_SUPPLIED DATA:_
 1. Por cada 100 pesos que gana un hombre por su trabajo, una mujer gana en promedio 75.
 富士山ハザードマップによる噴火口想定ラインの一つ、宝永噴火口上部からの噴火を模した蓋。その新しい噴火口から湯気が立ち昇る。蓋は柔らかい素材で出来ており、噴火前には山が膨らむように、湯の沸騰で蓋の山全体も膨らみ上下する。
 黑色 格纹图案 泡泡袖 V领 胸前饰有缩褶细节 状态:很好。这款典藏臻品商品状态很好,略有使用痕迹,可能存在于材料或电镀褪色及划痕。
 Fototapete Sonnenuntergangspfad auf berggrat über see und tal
* * *
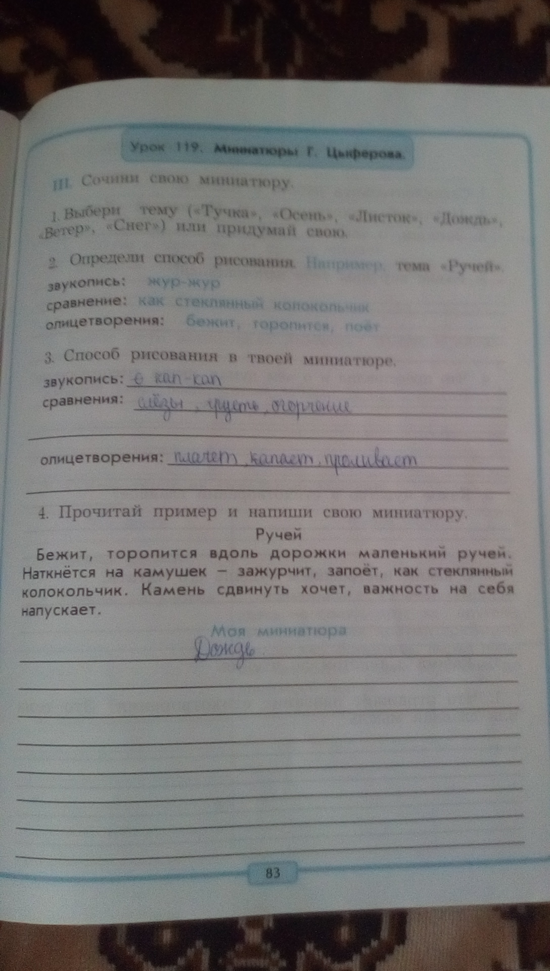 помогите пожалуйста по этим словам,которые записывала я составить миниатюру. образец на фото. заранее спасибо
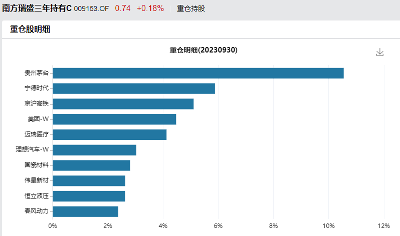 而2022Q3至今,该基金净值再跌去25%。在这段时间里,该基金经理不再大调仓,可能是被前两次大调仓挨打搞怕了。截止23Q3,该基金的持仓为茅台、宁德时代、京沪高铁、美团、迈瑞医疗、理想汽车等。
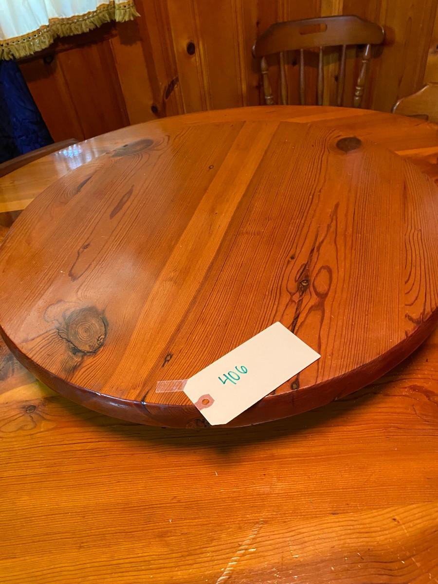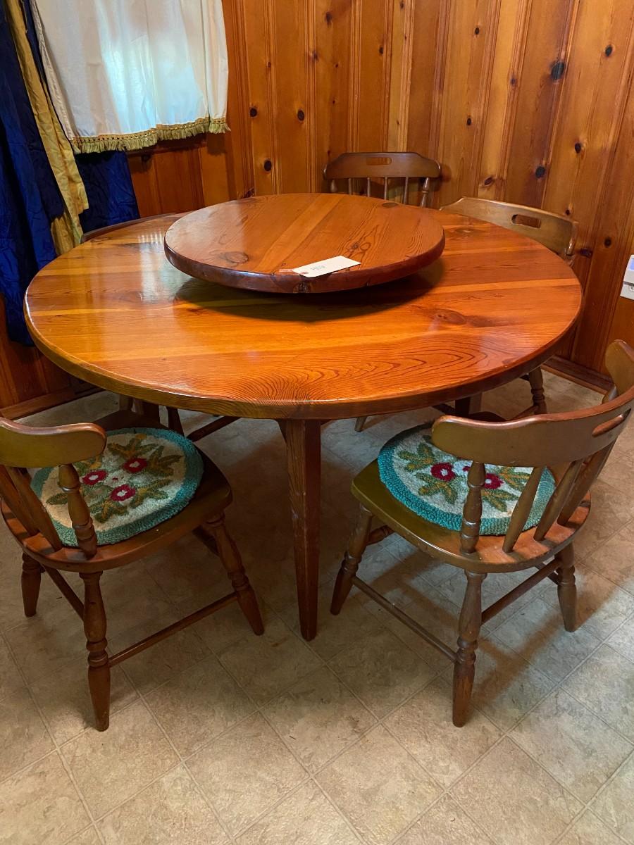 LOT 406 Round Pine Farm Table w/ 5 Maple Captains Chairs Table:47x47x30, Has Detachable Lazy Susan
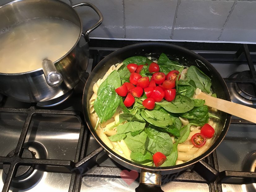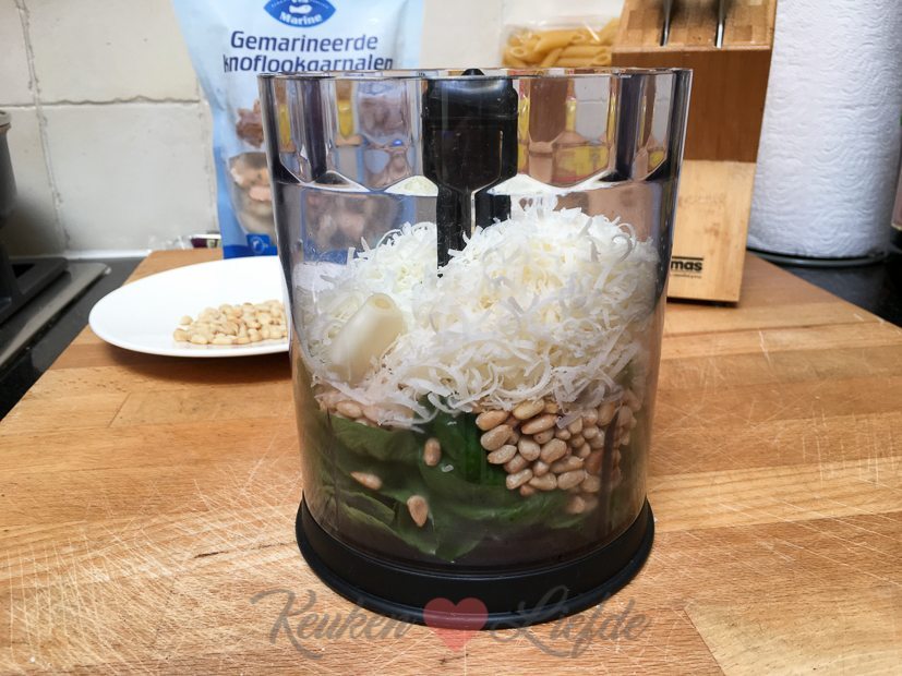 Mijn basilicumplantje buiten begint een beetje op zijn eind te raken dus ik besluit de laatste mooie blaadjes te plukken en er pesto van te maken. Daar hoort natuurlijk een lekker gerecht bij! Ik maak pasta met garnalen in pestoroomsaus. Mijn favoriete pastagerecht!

_YOUR GOAL:_
Find where the line with "1. Por cada" sits in the material above, then copy exactly from it through the line with "Fototapete Sonnenuntergangspfad auf". Add no other line.

_RESPONSE BELOW:_
 1. Por cada 100 pesos que gana un hombre por su trabajo, una mujer gana en promedio 75.
 富士山ハザードマップによる噴火口想定ラインの一つ、宝永噴火口上部からの噴火を模した蓋。その新しい噴火口から湯気が立ち昇る。蓋は柔らかい素材で出来ており、噴火前には山が膨らむように、湯の沸騰で蓋の山全体も膨らみ上下する。
 黑色 格纹图案 泡泡袖 V领 胸前饰有缩褶细节 状态:很好。这款典藏臻品商品状态很好,略有使用痕迹,可能存在于材料或电镀褪色及划痕。
 Fototapete Sonnenuntergangspfad auf berggrat über see und tal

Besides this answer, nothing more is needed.